For the countless confused, accused, misused, strung-out ones and worse.” As it happened, Alanis Morisette rescued me from my pain, which is the power of art, the power of cinema and maybe the power of video games. It is only the ones who aren’t able to get what they need that way who have to then lash out at the world that has forsaken them.
Moreover, if you look at the timeline of mass murders in the US you’ll see that there were plenty of murderers who were never attached to any pop culture reference. And perhaps the ones who do have some connection make a better story for the press. Maybe that’s why Gleiberman and others don’t realize how many killers there are out there with a big giant question mark over their head.
Let’s do this one more time with mass murderers — a timeline:
1949 – 49-year-old World War II vet opens fire and kills 13. He is found insane and locked up for life.
1966- 25-year-old climbs a tower and kills 16. Injures 30.
1976 – 37-year-old man killed 7 people in a library at Cal State Fullerton with a semi-auto he bought at K-Mart.
1982 – 40-year-old prison guard kills 13, including 5 of his children.
1984 – 41-year-old man kills 21 adults and children at a McDonalds. He’s shot on the scene.
1986 – Postal worker opens fire in his workplace killing 14 and wounding 6.
1990 – 42-year-old man opens fire at General Motors, kills 9, wounds 4 then kills self.
1991 – 36-year-old man opens fire in cafeteria in Texas, kills 23, wounds 20, then kills self.
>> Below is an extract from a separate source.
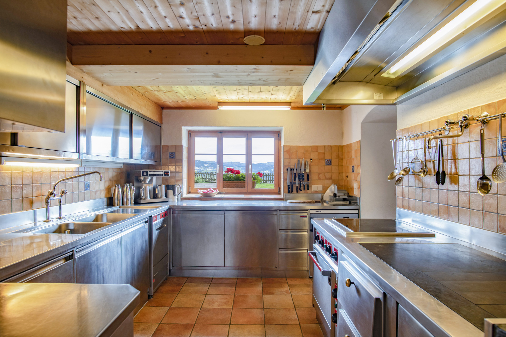 The professional kitchen is a dream for culinary enthusiasts, complete with a Nespresso machine, filter coffee machine, raclette and fondue set, large fridge, freezer, and even a wood-burning stove. Four bathrooms – including rain showers and a whirlpool tub – and several separate toilets ensure maximum comfort.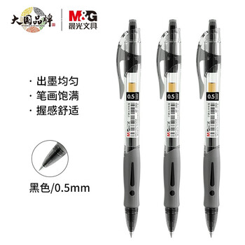 • 晨光(M&G)按动中性笔签字笔按动笔芯红笔办公文具0.5mm经典GP1008子弹头黑笔 黑色12支

1998- 15-year-old boy kills his parents then shoots up the school, kills 2, injures 22, is serving a life sentence with no possibility of parole. Life over, dude. Pop culture reference Romeo + Juliet, video games, Marilyn Manson.
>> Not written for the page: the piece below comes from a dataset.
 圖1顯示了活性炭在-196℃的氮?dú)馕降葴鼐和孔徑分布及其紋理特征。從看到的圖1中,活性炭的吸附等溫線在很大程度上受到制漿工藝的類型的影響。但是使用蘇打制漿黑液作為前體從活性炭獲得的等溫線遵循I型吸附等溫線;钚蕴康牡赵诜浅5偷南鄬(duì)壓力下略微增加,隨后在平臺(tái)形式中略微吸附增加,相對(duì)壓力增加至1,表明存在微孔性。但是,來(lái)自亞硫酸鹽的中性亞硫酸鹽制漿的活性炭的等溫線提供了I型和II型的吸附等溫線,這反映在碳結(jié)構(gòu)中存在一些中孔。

1999-Columbine. 13 die. 23 wounded. Perps kill themselves. Pop culture connection: Natural Born Killers, Romeo+Juliet, Marilyn Manson, video games
2007 – Virginia Tech. 23 year-old kills 32 people, injures countless others, kills self. Pop culture reference: Old Boy, video games.
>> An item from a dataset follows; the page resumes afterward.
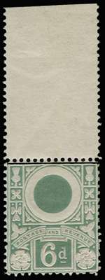 1887 6d "Jubilee" Essay (Line Perf 14). Very fine top marginal unadopted trial as Type B, printed in pale green with additional embossing to parts of the design and solid colour circle in head area. Numerous minor differences can be seen compared to the eventual adopted design the most obvious of which is the additional line under the "d" of 6d. Very scarce. Ex. "Aureum". SG 208var

2008 – Grad student opens fire on University of Illinois, killing 5, wounding 16. Pop culture references: Marilyn Manson, watched horror movies with mother, “horror movies and the Bible” was how he grew up. He was also obsessed with the Columbine killings.
2009 – 28 year-old kills sixteen people and then himself in Geneva County, Alabama.
2009 – 41 year-old man kills 13 then self. in Binghamton, NY.
2009 – 39 year-old man kills 13, injures 32. Is awaiting trial.
2012: Shooter enters a dark movie theater, kills 12, wounds 58, supposedly says “I am the Joker” but it isn’t confirmed. Pop culture references: other than the Dark Knight, none. No violent video games, no Marilyn Manson, no obsession with Columbine, not even “horror movies and the Bible.”
You can look for mass shootings over the last 30 years, inexplicable as they are, all over the world and you’ll only find a handful of them have any notable pop culture reference whatsoever. They fall into two categories. The first is mental illness. Onset paranoid schizophrenia is the most common. The second is that they feel they have been wronged or rejected by society. They are ANGRY and depressed. The end is near. They go out with a bang, so to speak. In most cases, they kill themselves.
Is it their obsession with pop culture or ours that has us returning again and again to this mcguffin? Is it our obsession with them that becomes a snake eating its own tail that inevitably inspires other killers to want the same acclaim as the Columbine killers?
If it were only in America, it might be easier to pin down. While mass shootings here have absolutely increased, they’ve also increased in Norway and Germany. Maybe you can look to pop culture for a few of them. But what of the rest?